— Слышал… Вверху тоже так сказывают, — ответил молодой малый и сел тоже на пол на край ковра. — Я было не хотел приходить, да, право, нельзя. Не смог. Одного дня без вас пробыть не могу. Мучение. Хоть поглядеть на вас, и то легче.
— Выдумки все… блажь! — отозвалась она, не глядя на него.
— Да… вам. Понятно… Я для вас что побрякушка какая ради забавы. А вы мне вот то же, что Господь на небеси. Ни единого дня или вечера не могу, говорю я…
— Ну, а когда я тебя брошу… что же ты тогда будешь делать? — спросила Сусанна, зловеще улыбаясь.
— Это не должно, нельзя… это смерть! — глухо ответил он.
— А это, Онисим, непременно будет… Может, даже и скоро… Вот что…
— Ох, полноте… что вы!.. Говорю — смерть. Вы это так, ради шутки… Правда ведь моя?
Сусанна не ответила и думала: как это случилось, что она его выбрала, а не другого? Хоть бы вот молодого князя Никаева. Этот малый умный, даже очень умный, но все-таки простой конторщик. За лицо? Да, пожалуй…
Молодой малый Онисим Гончий, которого неведомо почему вся Высокса звала коротко Анька, не походил ни капли на русского.
Про него шутили, что его мать-покойница была родом цыганка.
Действительно, в красивом темнокожем лице с правильными вполне чертами было, пожалуй, что-то цыганское или вообще южное. Одно только противоречило типу — темно-голубые глаза, которые Анька унаследовал от отца.
Отец его, Абрам Гончий, был пятидесятилетний человек, похожий на молодого старца. Он был сед и бел как лунь, с серебряной большой бородой и с серебряными длинными волосами и совершенно свежим лицом. Это был самый благообразный старик всей Высоксы, смахивавший на священника или вообще на духовное лицо. Даже его вечное спокойствие, медленность в движениях и в речи, казалось, не шли совсем к простому смотрителю на заводе, где от зари до зари считал и принимал он листовое железо.

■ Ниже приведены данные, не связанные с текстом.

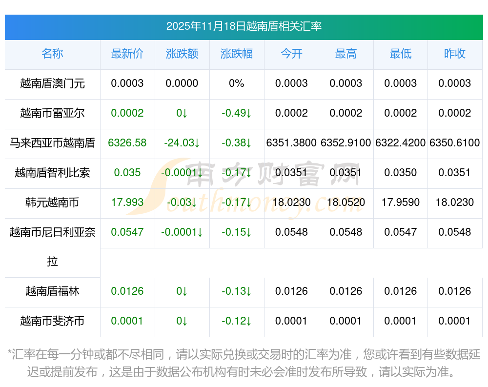 2025年11月18日越南盾兌換比索最新匯率:0.000700,今開:0.0007,昨收:0.0007,最高:0.0007,最低:0.0007。
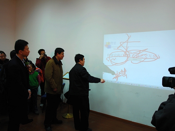 党委副书记、副校长杨宾教授在亲自体验我院参赛作品“基于激光笔的人机交互系统”。
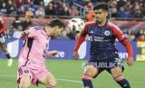 Penyerang Inter Miami Lionel Messi (Kiri) dan gelandang New England Revolution Mark-Anthony Kaye (kanan) berebut bola pada paruh pertama pertandingan MLS antara New England Revolution dan Inter Miami di Foxborough, Massachusetts, AS, Ahad (28/4/2024) dini hari WIB. (FOTO : EPA)
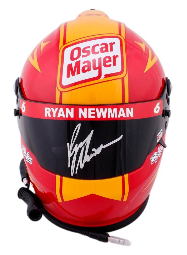 Full-size replica NASCAR helmet is hand-signed by Ryan Newman.
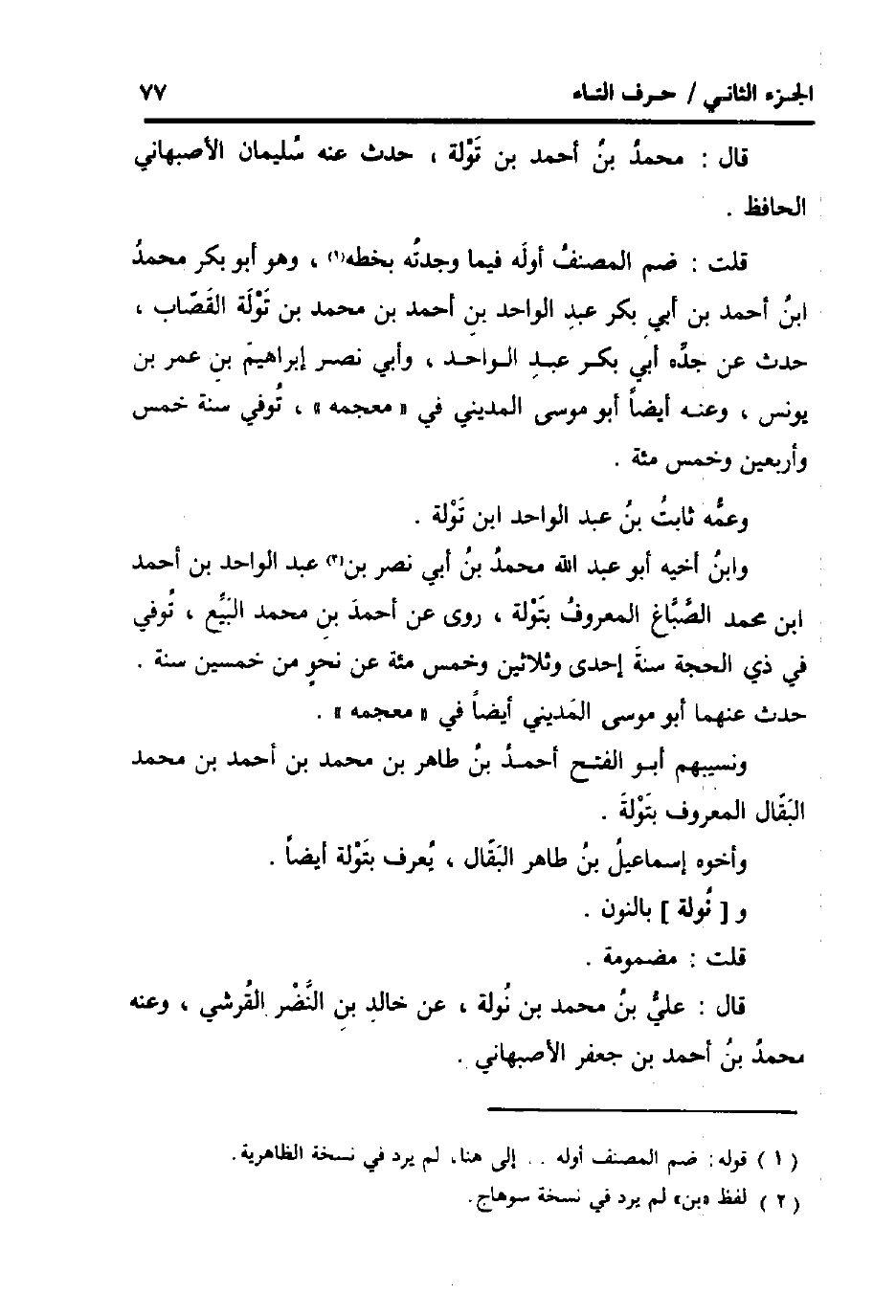 قلت: ضم المُصَنّف أَوله فِيمَا وجدته بِخَطِّهِ، وَهُوَ أَبُو بكر مُحَمَّد ابْن أَحْمد بن أبي بكر عبد الْوَاحِد بن أَحْمد بن مُحَمَّد بن تولة القصاب، حدث عَن جده أبي بكر عبد الْوَاحِد، وابي نصر إِبْرَاهِيم بن عمر بن يُونُس، وَعنهُ أَيْضا أَبُو مُوسَى الْمَدِينِيّ فِي " مُعْجَمه "، توفّي سنة خمس واربعين وَخمْس مئة.

Единственный сын, которого Абрам, конечно, обожал, был по общественному положению много выше своего отца. Владея искусством — настоящим дарованием — удивительно красиво писать, он был взят в коллегию еще 14 лет от роду для переписки бумаг, отправлявшихся в столицу и к важным лицам.
Будучи умным, но и чрезвычайно энергичным малым, Онисим Гончий, переписывая бумаги, приучал себя писать правильно и вскоре стал делать меньше ошибок, чем его начальство… Кроме того, он постепенно привык к самой процедуре дел в коллегии и в двадцать лет уже мог сам написать дельно и толково любую бумагу, рапорт, промеморию[11] и т. д.
Аникита Ильич не преминул заметить и почерк, и знание дела молодого малого. И однажды, когда Гончему было уже двадцать пять лет, он был переведен из коллегии в контору самого барина наверх. Быть «вверху» значило очень много. Служащие в конторе видали барина всякий день и были у него на виду, и он говорил про них:
— Это — мои!
И эти его личные сотрудники получали большое жалованье и частые награды деньгами и провизией. Главное же заключалось в том, что когда им случалось что-либо учинить, провиниться, то на них неохотно шли жаловаться к барину, зная, что он этих жалоб на «своих» конторщиков не любит.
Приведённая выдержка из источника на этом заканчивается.